Plantation and experimental layout

Seed lots were heat-treated to prevent Ciboria batschiana contamination during seed storage. Seedlings were raised in the Guéméné-Penfao state nursery in North-West France (latitude: 47.631° N; longitude: 1.892° W), in an experimental layout with five randomized complete blocks. After 3 years in the nursery, the seedlings of each yearly set were planted in a common garden experiment replicated in four national forests located along a geographic gradient running from the west to the east of France (Additional file 1: Figure S1, Table 3 in Ducousso, Ehrenmann et al. 2022). The conditions at the sites of three of the forests (Petite Charnie, Vincence, Sillegny) were favourable for Q. petraea, whereas those in the fourth forest (Vierzon) were much harsher, due to the podzolic-like soil.

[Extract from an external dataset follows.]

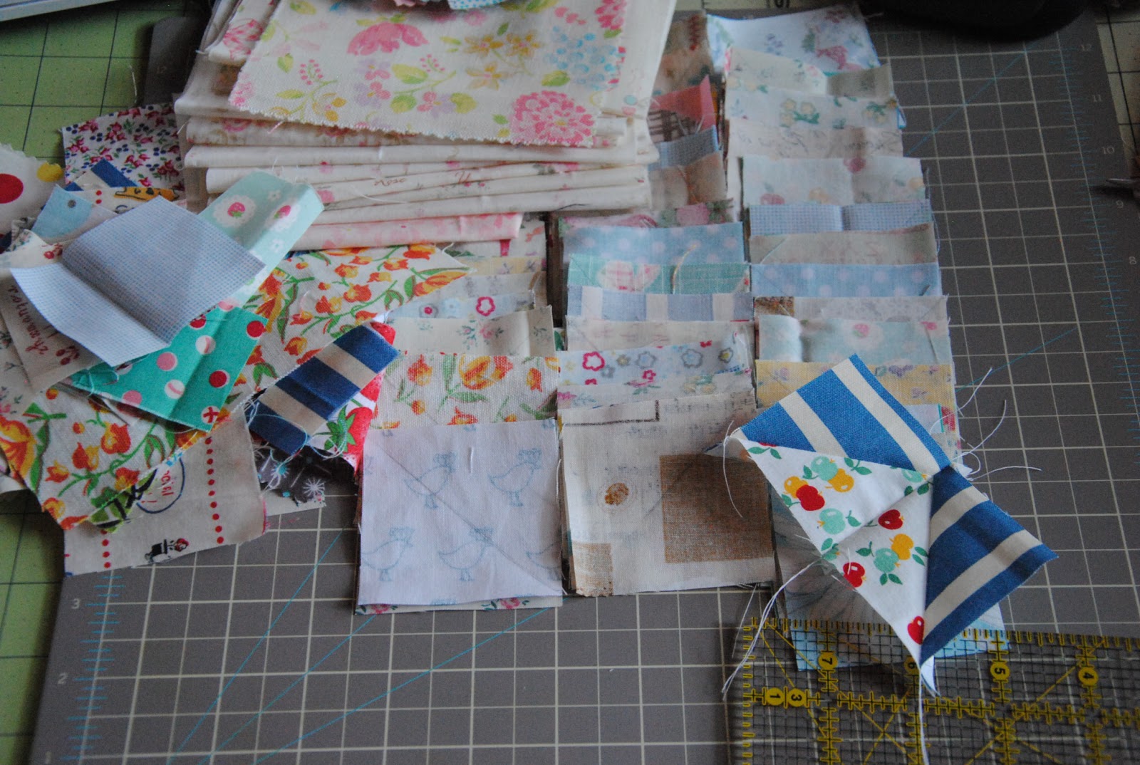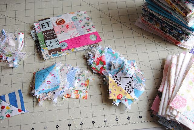 Right now, it feels so rewarding to watch snow falling, drink tea { today is raspberry tea; sweet}, and clunk the sewing machine with new project I have had in mind for so long. I can't recall when was the last time I play with half-triangles. It seems like very long time ago. Now, I have all the time to sew and play and pack! I plan on making a bag and hope to have everything piece and ready to quilt soon! New projects are exciting! Of course a little scraps playing..

With very few exceptions, all the french provenances were established at all four sites (forests), in four yearly plantation sets corresponding to the four yearly collection sets. However, provenances from other countries were not systematically replicated in the four sites due to the limitation of material. Hence the overall analysis was restricted to the french material, while the climate-trait correlation analysis was limited to only one site (Sillegny) but for all provenances installed in Sillegny (Additional file 1: Tables S1a and b). The experiment thus comprised 16 tests (4 yearly sets replicated at four sites). The four yearly sets of seeds collected in 1986, 1987, 1989, and 1992 were used to generate saplings that were planted in the early months of 1990, 1991, 1993, and 1995, labelled sets 1, 2, 4, and 5 (Fig. 2 in Ducousso, Ehrenmann et al. 2022) for a full description of the experimental layout). In what follows, the sources of variation due to the year of seed collection, and to the year of plantation are thus confounded, and are designated in this study as effects due to the “yearly set”.

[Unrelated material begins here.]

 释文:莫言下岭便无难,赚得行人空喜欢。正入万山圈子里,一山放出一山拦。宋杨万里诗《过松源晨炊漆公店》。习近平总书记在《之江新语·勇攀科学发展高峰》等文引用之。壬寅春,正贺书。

At each site, the four yearly sets were planted as four adjacent units. The full experimental layout is described in Figure 2 and Table 4 of Ducousso, Ehrenmann et al. (2022). Each test was subdivided into complete macroblocks, corresponding to homogeneous site conditions. The number of macroblocks ranged from 5 to 10, depending on the test. Each macroblock comprised several randomized incomplete microblocks, each consisting of eight plots of different provenances. Each plot consisted of 24 trees of the same provenance, distributed over four rows, with six trees per row. As rows were separated by 4 m, and there was 1.75 m between trees within a row, the plots were almost square (12 m * 10.5 m). Within a macroblock, an individual provenance was represented by at least two or three replicated plots. Within a test, each provenance was represented by 120 to 384 trees, on average. Given the complexity of the overall design, and to facilitate the construction of the statistical models for data analysis (Sections 2.2.1 to 2.2.3), Fig. 2 in Ducousso, Ehrenmann et al. (2022) helps to illustrate the different factorial and nested levels of variation considered in the experimental layout.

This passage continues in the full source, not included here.